Pitch is a collective name for viscous liquids such as tar and bitumen, which at room temperature look like a solid. By boiling down one can make tar from pitch.
berkSince old times in our region is being fired from birch bark: tar oil, tar and pitch.
These products are used as adhesives, birch tar oil as a remedy e.g. against flakes in shampoo and ointment, hoof care, as impregnant, e.g. for making leather soles waterproof.
 
At the University of Bradford are chew marks and teeth marks on old tar and pitch crumbles researched. That may have been mixed with herbs to use like (medicinal?) gum.

The University of Copenhagen investigated 5,700 year-old chewable tar from a birch. This chewing gum contained DNA a young woman from the new Stone Age, with probably dark skin, brown hair and blue eyes. She came from Syltholm on Lolland, a Danish island in the Baltic Sea. She had recently eaten a meal with hazelnuts and wild duck. And without dairy: she was lactose intolerant. (Neanderthals were too, and many adults become it.)

Birch tar may have been chewed to make it warm and malleable enough to make tools (fix), to relieve toothache or other ailments, as a tooth cleaner, to suppress hunger, or simply as chewing gum.

Birch pitch is older than the Homo Sapiens. Neanderthals lived during the ice age, where the North Sea is now. The Batsjo Kirocave in central Bulgaria (explored since 1970) was an early stopping point 46,000 years ago for the first modern humans to travel from Africa and Southwest Asia to Europe. Homo sapiens gradually supplanted Neanderthals between 50,000 and 39,000 years ago.

On the beach of the Zandmotor near The Hague, a flint tool was dredged with a tar-like substance. The complex to produce birch pitch is 50,000 years old! In Campitello (Italy) there were even 200,000-year-old pitch remains!

berkenpekstoken

Making birch pitch is a dry distillation of birch bark. This means that the bark is to be heated oxygen-depleted to a temperature of between 340 and (probably 370 to) 420 degrees. Moreover the pitch chars and below 340 degrees happens no conversion. When oxygen has access the bark will burn.
Todt Haupt investigated winning tiny bits birch pitch in a pit in the ground by stacking hot stones interspersed with layers of birch bark.
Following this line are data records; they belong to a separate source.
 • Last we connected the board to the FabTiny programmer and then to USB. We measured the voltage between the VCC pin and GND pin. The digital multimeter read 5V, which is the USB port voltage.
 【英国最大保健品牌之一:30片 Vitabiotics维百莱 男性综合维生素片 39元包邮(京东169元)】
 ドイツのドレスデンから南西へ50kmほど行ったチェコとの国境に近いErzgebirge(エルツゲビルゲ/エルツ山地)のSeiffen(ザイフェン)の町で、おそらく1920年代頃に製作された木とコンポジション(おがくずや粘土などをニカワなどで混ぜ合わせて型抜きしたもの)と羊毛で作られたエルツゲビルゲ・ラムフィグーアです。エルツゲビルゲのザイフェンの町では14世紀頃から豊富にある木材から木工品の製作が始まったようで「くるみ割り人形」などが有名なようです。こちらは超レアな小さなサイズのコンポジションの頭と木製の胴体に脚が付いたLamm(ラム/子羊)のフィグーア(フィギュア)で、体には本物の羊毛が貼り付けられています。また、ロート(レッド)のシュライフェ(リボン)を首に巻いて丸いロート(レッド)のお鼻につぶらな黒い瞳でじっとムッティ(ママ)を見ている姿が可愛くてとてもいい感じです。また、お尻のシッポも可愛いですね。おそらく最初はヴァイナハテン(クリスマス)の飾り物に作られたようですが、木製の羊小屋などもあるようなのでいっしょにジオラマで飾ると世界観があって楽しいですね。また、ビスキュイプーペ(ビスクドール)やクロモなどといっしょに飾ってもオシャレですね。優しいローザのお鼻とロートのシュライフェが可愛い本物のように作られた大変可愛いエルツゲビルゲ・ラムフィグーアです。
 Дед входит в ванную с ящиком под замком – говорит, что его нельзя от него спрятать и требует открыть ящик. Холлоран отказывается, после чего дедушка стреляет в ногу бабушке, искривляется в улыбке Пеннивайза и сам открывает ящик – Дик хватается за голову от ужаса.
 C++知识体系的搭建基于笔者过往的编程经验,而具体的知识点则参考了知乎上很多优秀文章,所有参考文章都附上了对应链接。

By wrapping the package birch bark in green leaves there was no pitch dripping lost. On the rocks or in the pit were afterwards no traces of pitch found.
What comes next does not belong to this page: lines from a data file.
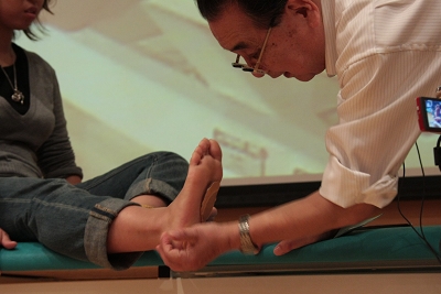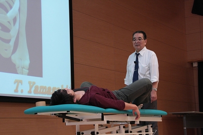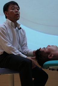 体幹のポイントを圧迫もしくは牽引するだけで、関節可動域が改善する。そんな魔法のような手技を先生は疲労してくれた。ほんの10秒ほど胸郭のあるポイントにアプローチをおこない可動域が改善したとき、会場にどよめきが起きた。次々と被検者の可動域が改善される。なぜそうなるのか・・・。「根拠はよくわからないが、結果は出ている。この結果を私は示した。根拠を知りたいのであれば、若い君たちがそれを示してくれ。」「私の手技や理論はあくまでも一つの事実として受け止めて、それが他者への刺激になればよいと思っている。」と先生は詳しくは語らなかった。
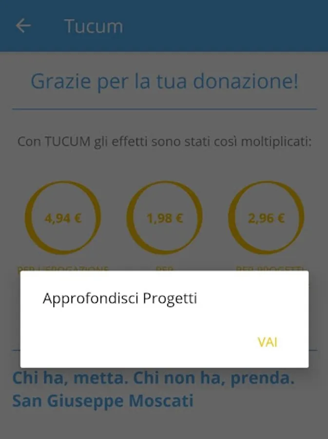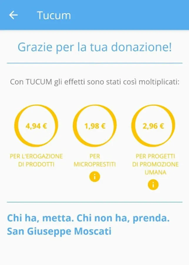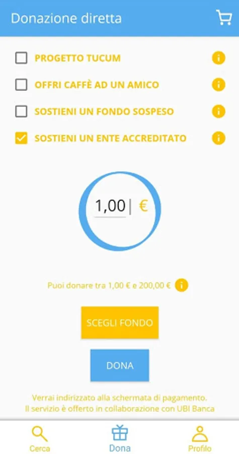 1. Donor users can donate via credit and prepaid cards starting from € 0.20. If you choose the OneClick payment method, the donation takes place in a few seconds.
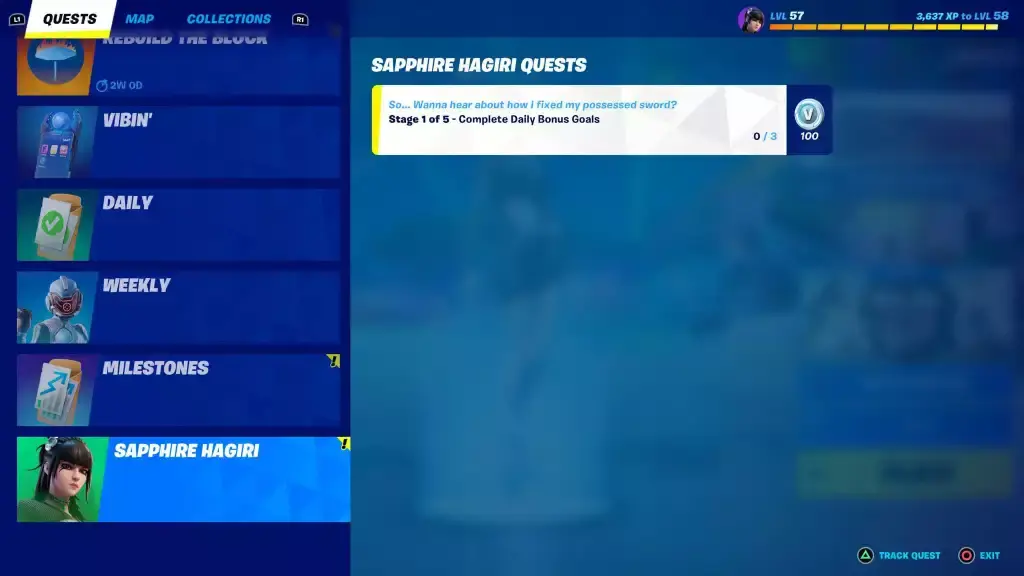 이전에 언급했듯이 Sapphire Hagiri 퀘스트를 통해 최대 1500 V-Bucks를 벌 수 있습니다. 당신이해야 할 일은 사파이어 하기리 퀘스트 라인을 진행하기 위해 일일 퀘스트를 완료하는 것입니다. 일일 퀘스트 3개를 완료하면 100 V-Bucks 등을 보상으로 받을 수 있습니다.
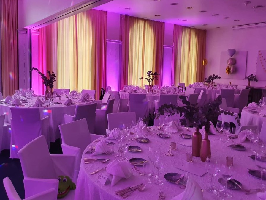 Selbst einfache Räume werden mit professioneller Beleuchtung in traumhafte Hochzeitskulissen verwandelt. Vom romantischen, warmen Licht während des Dinners bis hin zu farbigen Akzenten auf der Tanzfläche – die passende Beleuchtung sorgt für die richtige Stimmung in jedem Moment.

The Swiss Kuno Moser made ​​a small amount of pitch by laying birch branches under a bed of glowing coals. The pitch could then be scratched of the timber.

Put on large, flat stones in a pit a layer of shredded birch bark of three cm thick, covered with a large piece of bark (protection from sand and dirt) and a layer of sand of 3 cm (against heat, combustion and oxygen supply). Heating them a good hour with a hot fire. The pitch is deposited on the stone.

In a single almost closed pot or small clay oven, it is also possible. First escapes the evaporating water as white steam from the bark. Subsequently, the smoke becomes yellow with a characteristic birch pitch smell. After fifteen minutes at the right temperature the bark is then converted.

The double pot method for the extraction of tar is the most efficient.
Birch oil flowing safely in the cool lower pot can be boiled down to birch pitch.

(From birch twigs they made brooms, wine of the juice, papery sheets of bark to write, bark rolls as candles, cups of bark... A versatile tree so.)